In the letter to the school, dated June 9, she wrote that she continued to be concerned about what she considered an inappropriate relationship between Asturizaga and Hannah. She said that she would continue to withhold permission for Hannah to attend the school for the 1999-2000 school year and that she would not be responsible for any financial obligation into which her ex-husband entered. 

She also refused permission for Hannah to work at the school’s summer camps, where she would have contact with Asturizaga. 

The details of Thresher’s letter to her attorney were not released, but investigators said that the letter informed her lawyer that Thresher had heard from other mothers concerned about their own daughters’ relationships with Asturizaga, who was also a youth soccer coach. 

In journal entries released by police officials, including one dated two months before her disappearance, Thresher wrote about her concerns, often with abbreviations and the use of the letter F to represent “Fernando.”

“If you’re uncomfortable, that’s a sign,” Thresher wrote in the March 18, 2000, entry. “Go (with) that. 

“Mad (about) my thoughts re: (Fernando),” she continued. “Stress that lines of (demarcation). He is a teacher. Many people have concerns (about) male babysitters -- teenagers. Sometimes too stimulating (for) them.”

In a second, undated entry, she notes that neither the school nor Asturizaga followed through on their obligations.

“No physical proximity,” she wrote. 

Despite her concerns, James Thresher continued to allow Asturizaga to babysit the children. Police officials indicated that Hannah attended the school through 2001, after her mother vanished. 

A mother vanishes without a trace

The night of May 23, when her family last saw her, Alison Thresher had dinner at her parents’ home, leaving around 8 p.m., the news release said. She spoke to a friend on the phone around 10 p.m. and sent two emails to friends, the second of the two sent at 12:17 a.m. on May 24.

A neighbor reported hearing cries from Thresher’s apartment between 4 and 5 a.m. that same morning. Around 6 a.m., a man was seen running from the neighborhood where her Volvo was found the following day. 

The man’s physical description matched that of Asturizaga, investigators said

A resident in that neighborhood noticed the red station wagon around 10 a.m., but didn’t realize the significance until Thresher’s missing persons case was made public. 

At the time of his 2010 arrest for abusing the girl, Asturizaga refused to talk to detectives about her mother’s disappearance, the news release said. At that point, all leads in the missing persons case had been exhausted. 

Hannah Thresher said she “strongly denied” (the sexual abuse) as a child -- as she said Asturizaga carefully groomed her to do. Still, her mother knew something was not right. 

“Soon after she made her suspicions known, my mother disappeared,” she said at Thursday’s news conference. “A few months later, when I expressed frustration at his lack of empathy toward my grief over the loss of my mother, Mr. Asturizaga said to me: ‘I thought things would be easier for us now that she’s gone.’”

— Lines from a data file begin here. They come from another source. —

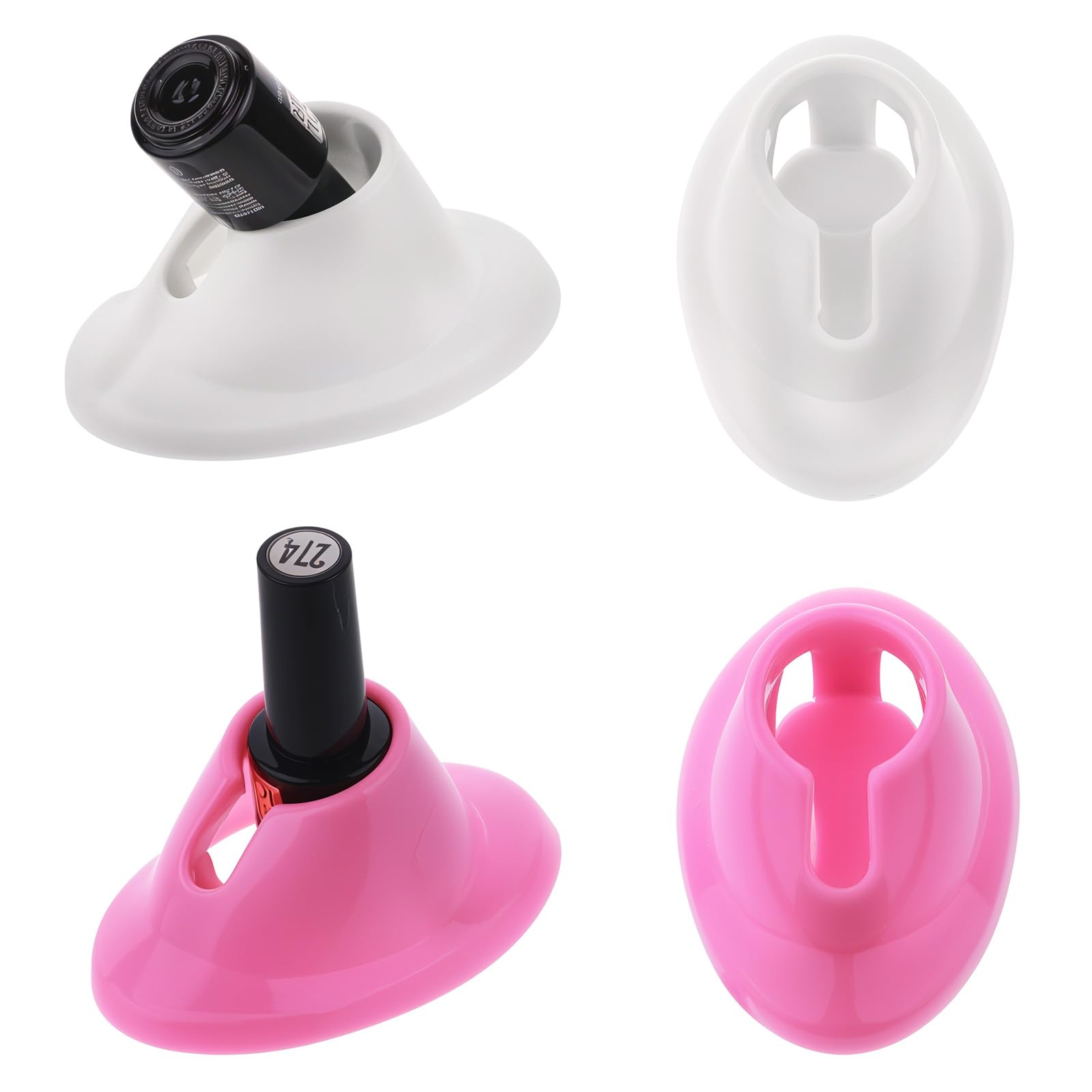 4 soportes para botellas de esmalte de uñas de goma suave rosa y blanco, 2 estilos antiderrames, soporte de botella para arte de u
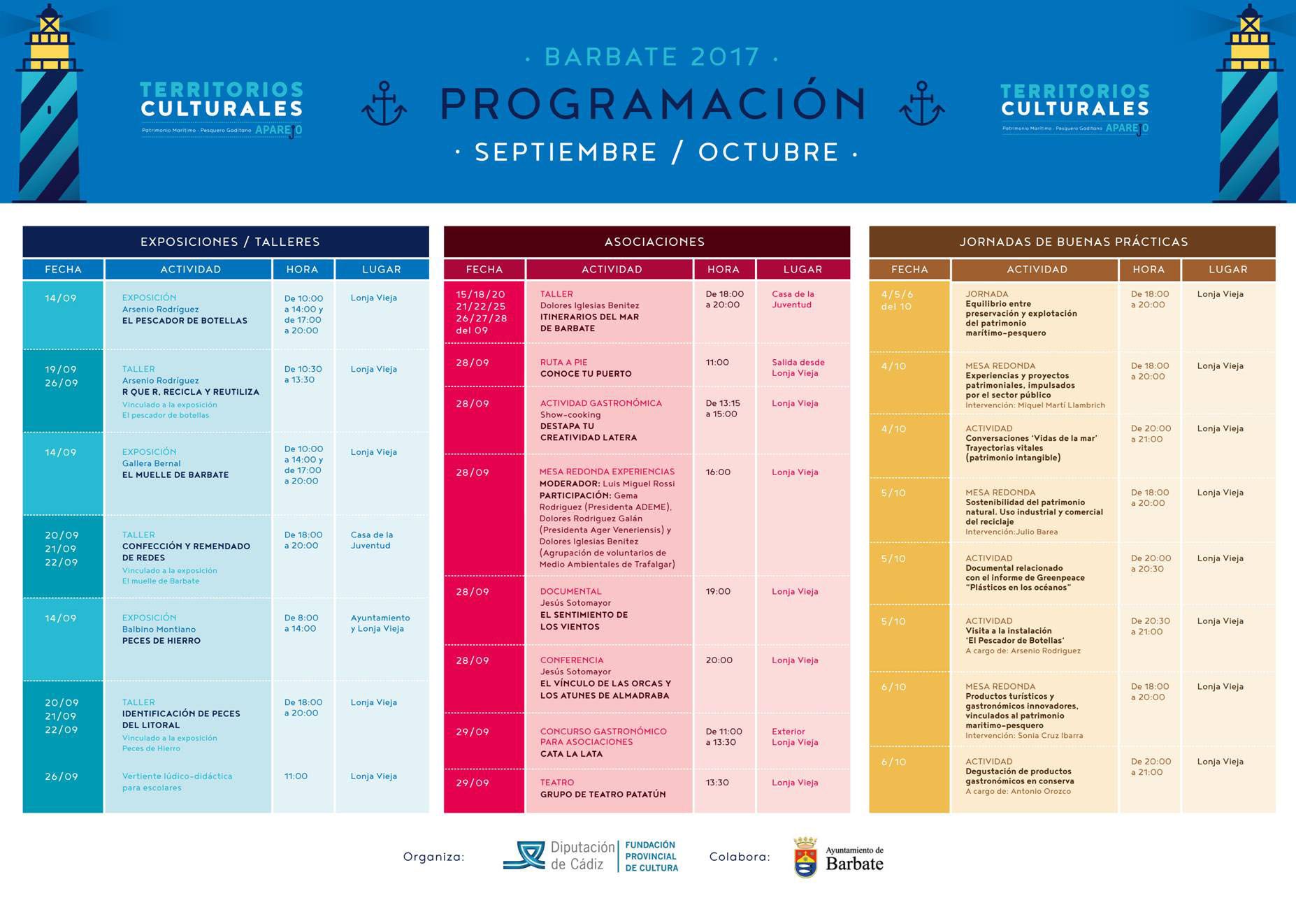 El programa que se desarrollará hasta la primera semana de octubre incluye exposiciones, talleres, encuentros con asociaciones, rutas, show cookings, mesas redondas, documentales y jornadas de buenas prácticas. Barbate alberga espacios naturales de gran valor, parques, parajes y reservas, playas, acantilados y salinas que deben ser cuidados y protegidos de agresiones externas. El medio natural es la base de la cultura y su buen estado garantiza la permanencia de los recursos, el bienestar de las comunidades y la continuidad de su patrimonio. Se impone la necesidad de que la pesca sea sostenible y proteja el medio ambiente.
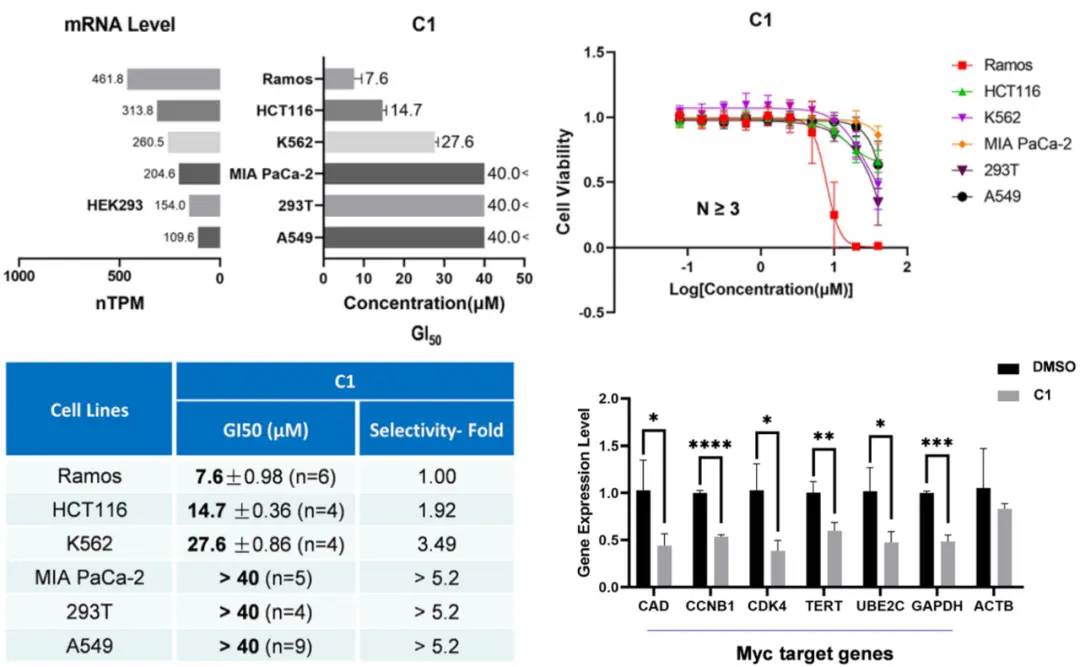 在功能验证中,C1 对高 Myc 表达的癌细胞(如 Ramos、HCT116、K562)具有明显的 选择性杀伤效应,GI₅₀ 值与 Myc 表达水平呈负相关;同时,C1 能 选择性下调 Myc 靶基因(如 CAD、CCNB1、CDK4、TERT、UBE2C)的表达,而对非靶基因(如ACTB、HPRT1)无影响。
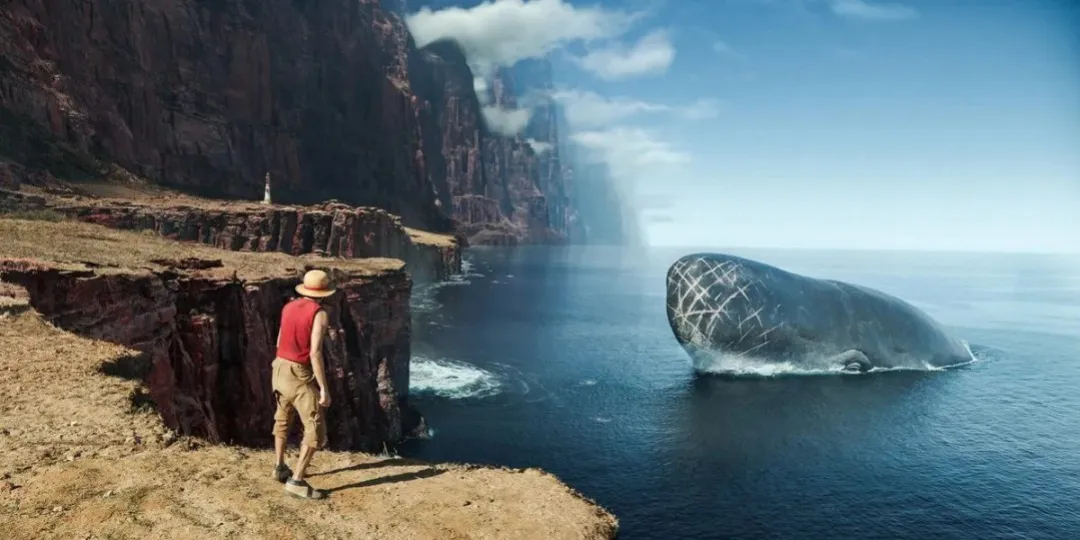 這張包含真人劇版拉布的關鍵視覺圖,展示了這個《海賊王》角色的具體形象——該角色此前已在2025年8月的預告片中登場。在當時的預告畫面里,我們僅能看到黃金梅利號駛入鯨魚口中的場景,只能瞥見鯨魚口腔內部;而此次的視覺圖則從正面呈現了鯨魚的全貌,還能清晰看到它多年來留下的多處傷疤。
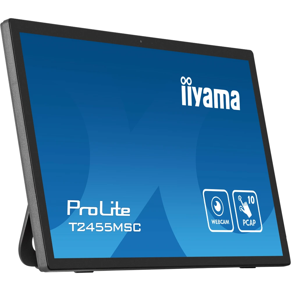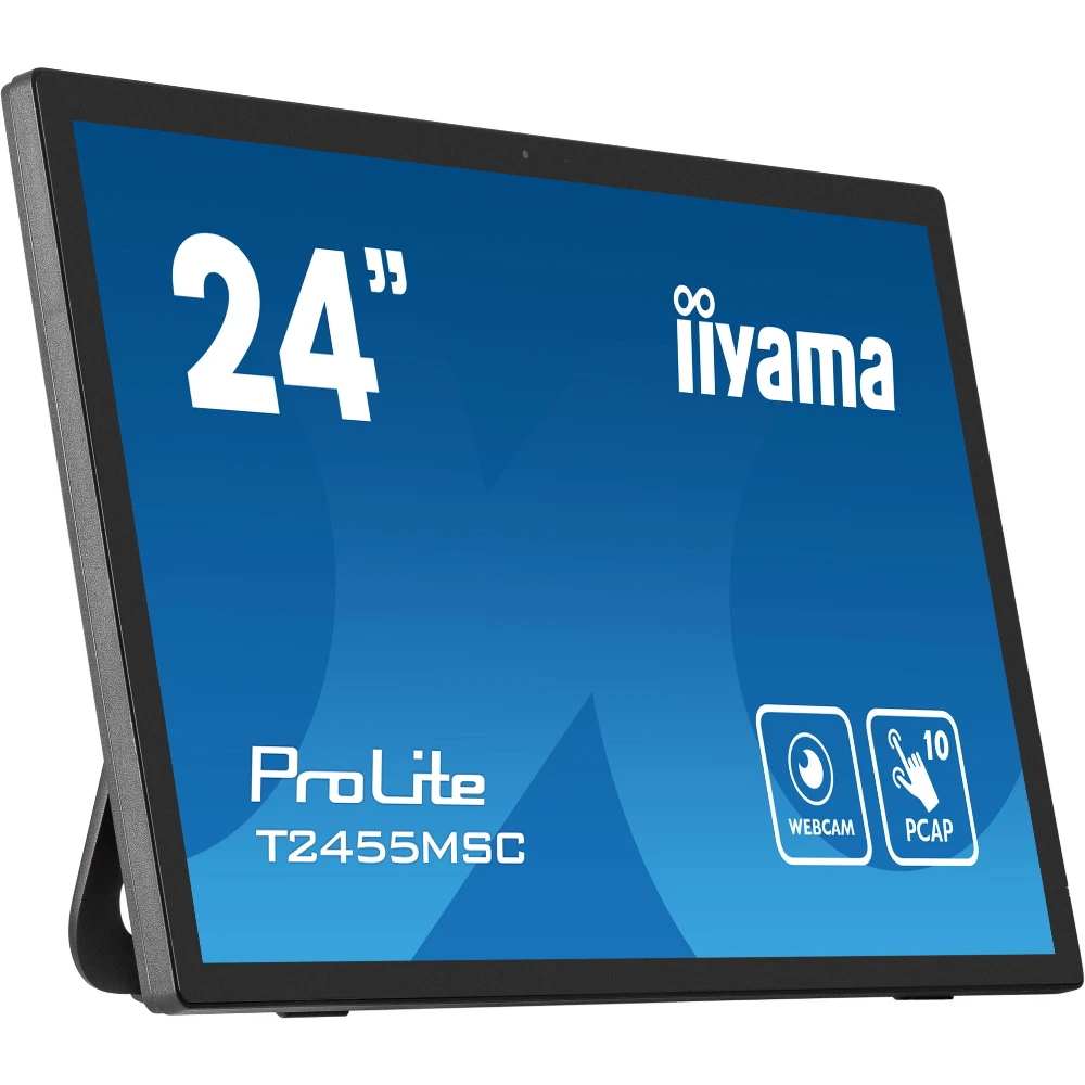 The ProLite T2455MSC with its Full HD (1920x1080) resolution and accurate PCAP 10 point touch technology, delivers a seamless and accurate touch response. Featuring IPS LCD screen technology, it offers exceptional colour performance and wide viewing angels. A special Nano coating ensures a smoother touch and less resistance in the swipe. It makes the screen less static and susceptible to dirt, dust and fingerprints. The built-in webcam and microphone make the T2455MSC also a complete solution for online communication. Its flexible stand can be positioned at several angles creating a comfortable and ergonomic user experience. A perfect choise for a vast array of applications.
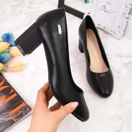 Černé lodičky Sergio Leone W SK314A s ozdobným sloupkem
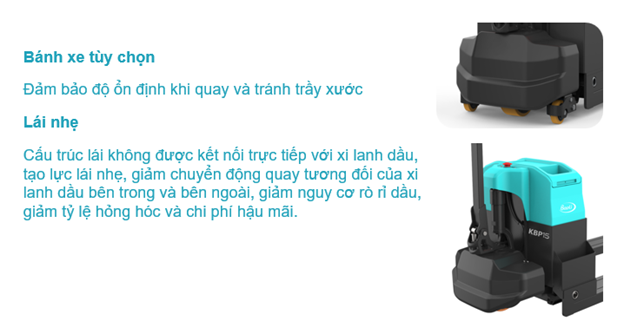 Với tải trọng nâng 2 tấn, thiết kế thân xe nhỏ gọn và pin lithium tùy chọn, dòng xe KBP20-A phù hợp cho các kho hàng vừa và nhỏ, nhà máy sản xuất, siêu thị, hoặc khu vực bốc xếp container.

Hannah Thresher said she didn’t think anything of the comment at the time. After a decade of reflection, she started to wonder if his words meant more than she thought. 

She said that Asturizaga took nearly everything from her -- years of her life, her innocence, her happiness and her optimism. She called herself resilient, however.

“For my mother, I need the whole truth to come out,” she said. “Despite the trial that ensued when I came forward about his abuse and the resulting 100-some years that he was sentenced to spend in prison, there are still many questions that need to be answered.”

She asked people to call Montgomery County police if they remember anything, no matter how insignificant it might seem.

“Just as I did, you may not have noticed it at the time,” she said. “But now, looking back, it might be more meaningful.”